San Onofre nuke might restart: why not solar and wind instead?

Southern California Edison bet on big baseload nuclear, and has been out two units for eight months and counting. Big baseload turns quickly from 24/7 to 0/7. Tentative plans are forming for a restart, which will take many more months, if ever. Wouldn’t distributed solar and wind be quicker and smarter? In Georgia, as well as California?

Michael R. Blood wrote for AP yesterday, Troubled Calif. nuke plant aims to restart reactor,

The company announced plans to repair and restart one of two damaged reactors, Unit 2, at reduced power to hopefully halt vibration that has caused excessive wear to scores of tubes that carry radioactive water. The outlook for its heavily damaged sister, Unit 3, appears grim and no decision on its future is expected until at least next summer.

The Nuclear Regulatory Commission is expected to take months to review the plan, and there is no timetable to restart the plant.

There are a few signs that the eventual outcome is dawning on some utility people.

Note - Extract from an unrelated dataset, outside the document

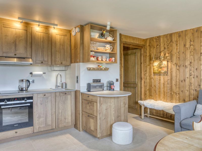 - cuisine ouverte avec 2 plaques induction, lave-vaisselle 8 couverts, four multifonctions micro-ondes, réfrigérateur avec freezer, et une table haute
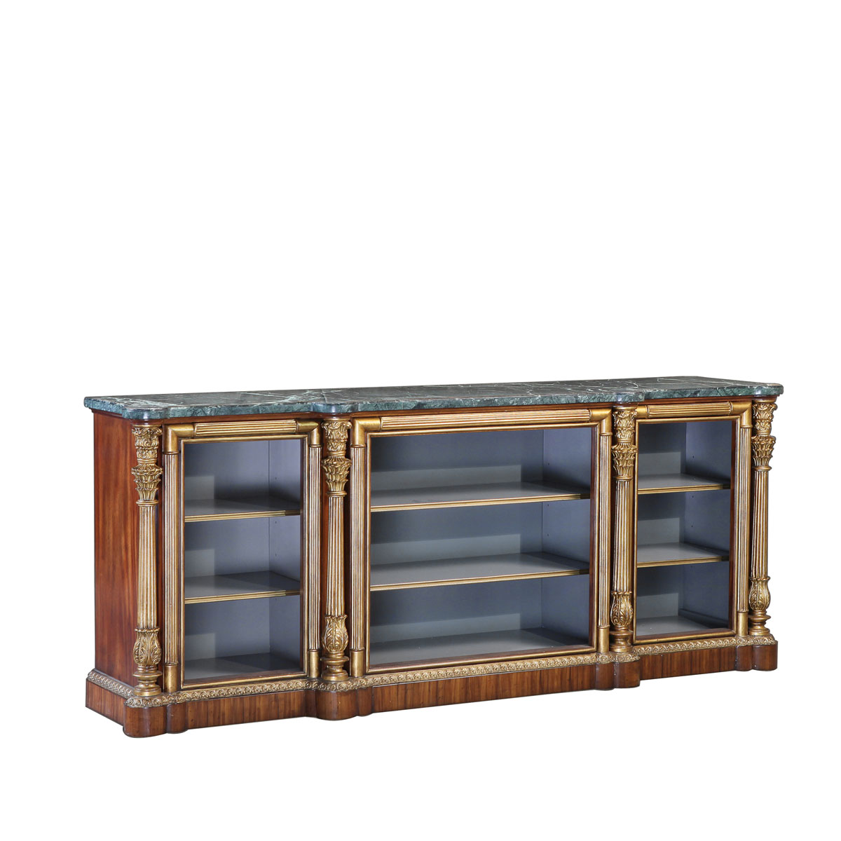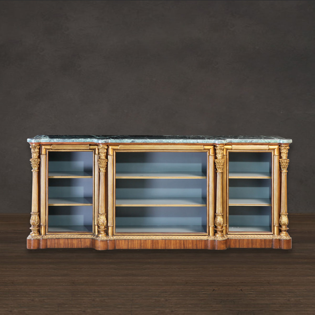 * 這是設(shè)計意念來自于英國溫莎堡中喬治三世時期的走廊柜。臺面采用云石做裝飾,借以表達(dá)喬治三世王權(quán)的堅不可摧。使用以華麗莊嚴(yán)的 Corinthian Order(科林斯式羅馬柱)為原型的雕刻柱,配上細(xì)膩的木皮貼面和貼金箔工藝,充分展現(xiàn)了英式古董家具的絕世芳華。

Plans are already taking shape that envision lower output from San Onofre at least into 2013.

“Whenever you lose generation, it has implications,” said San Diego Gas & Electric spokeswoman Jennifer Ramp.

Well, yeah, and losing big blocks of power is one of the implications of depending on a few big baseload plants in the first place. Distributed solar and wind wouldn’t have this problem.